[[ Raw data, beginning ]]

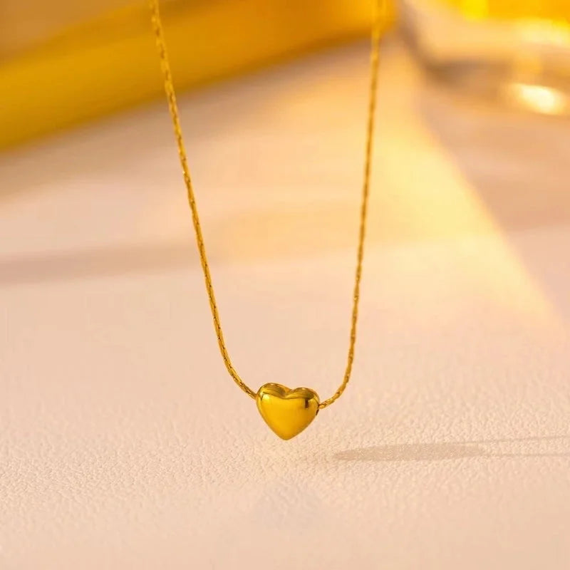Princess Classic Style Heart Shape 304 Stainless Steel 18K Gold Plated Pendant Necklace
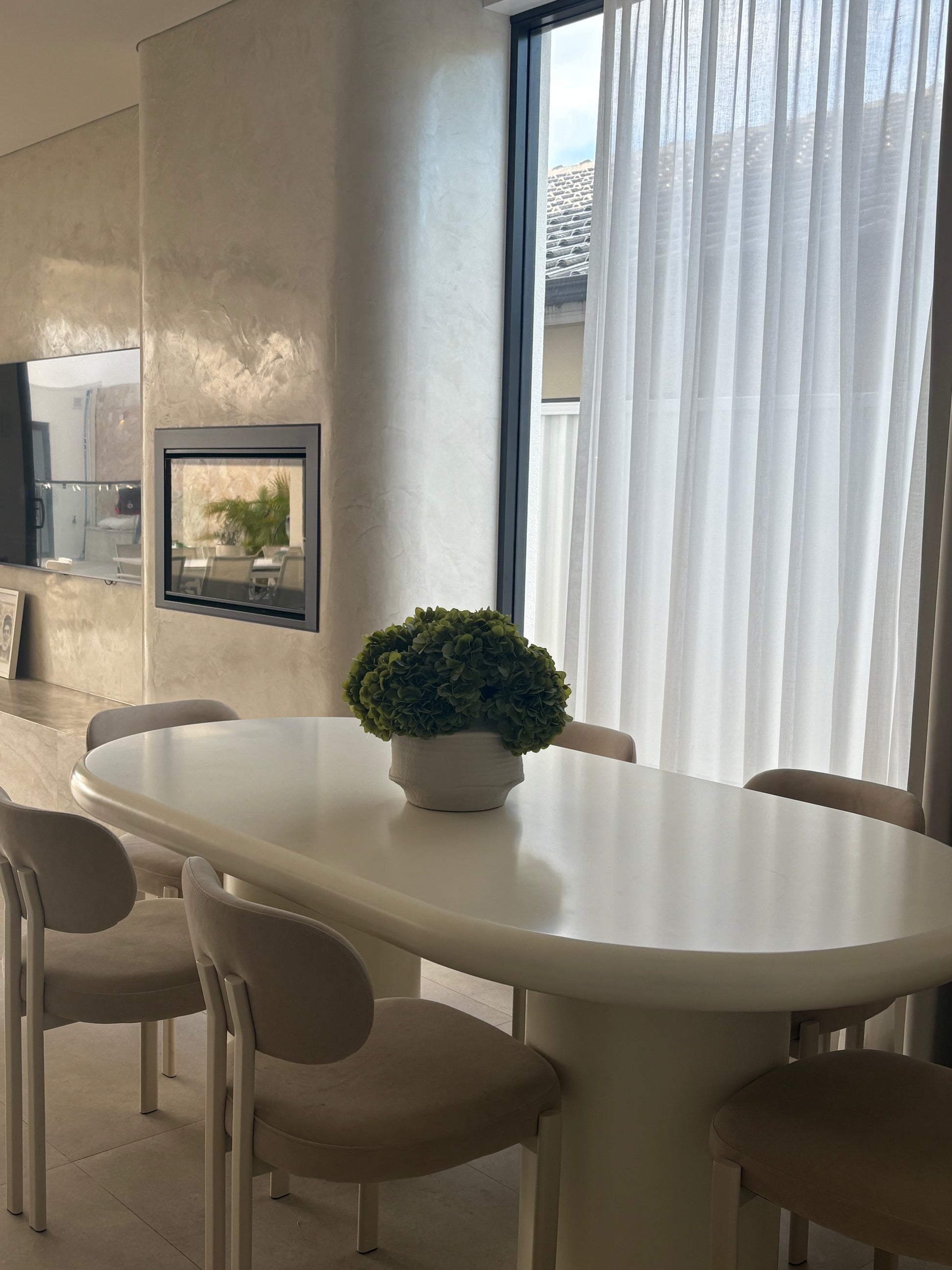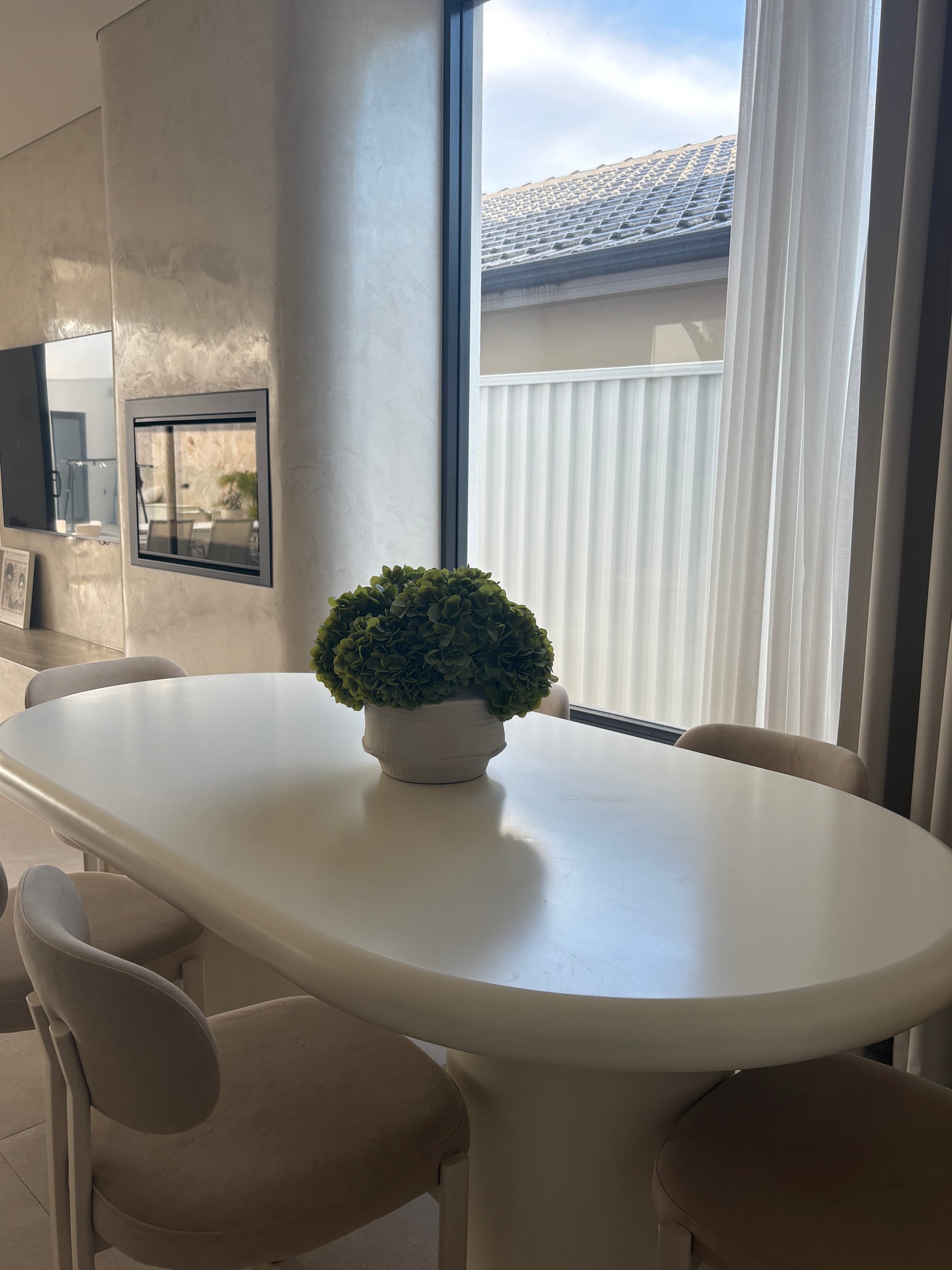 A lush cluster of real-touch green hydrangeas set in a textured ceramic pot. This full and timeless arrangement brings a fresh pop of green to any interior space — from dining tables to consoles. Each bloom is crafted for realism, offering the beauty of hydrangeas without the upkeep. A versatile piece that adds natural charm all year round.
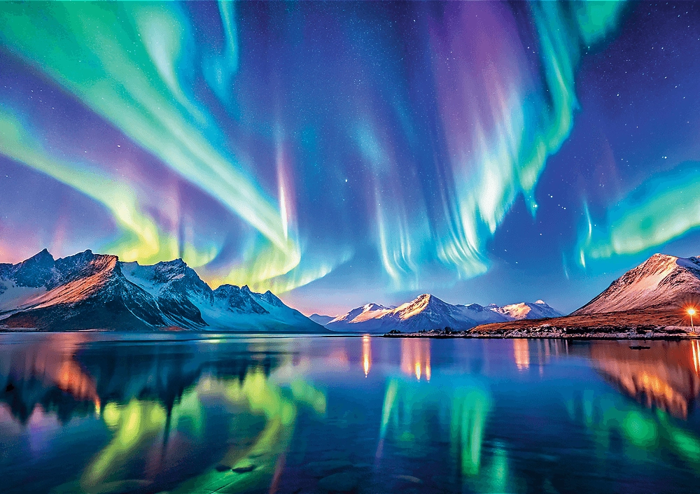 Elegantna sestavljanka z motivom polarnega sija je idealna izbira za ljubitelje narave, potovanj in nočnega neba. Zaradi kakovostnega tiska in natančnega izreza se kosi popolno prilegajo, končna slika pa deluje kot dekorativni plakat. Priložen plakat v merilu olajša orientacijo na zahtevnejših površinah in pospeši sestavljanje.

[[ Raw data, end ]]

## Try it
Repeat the listing above exactly, with no pictures.

## Response to this exercise
Princess Classic Style Heart Shape 304 Stainless Steel 18K Gold Plated Pendant Necklace
 A lush cluster of real-touch green hydrangeas set in a textured ceramic pot. This full and timeless arrangement brings a fresh pop of green to any interior space — from dining tables to consoles. Each bloom is crafted for realism, offering the beauty of hydrangeas without the upkeep. A versatile piece that adds natural charm all year round.
 Elegantna sestavljanka z motivom polarnega sija je idealna izbira za ljubitelje narave, potovanj in nočnega neba. Zaradi kakovostnega tiska in natančnega izreza se kosi popolno prilegajo, končna slika pa deluje kot dekorativni plakat. Priložen plakat v merilu olajša orientacijo na zahtevnejših površinah in pospeši sestavljanje.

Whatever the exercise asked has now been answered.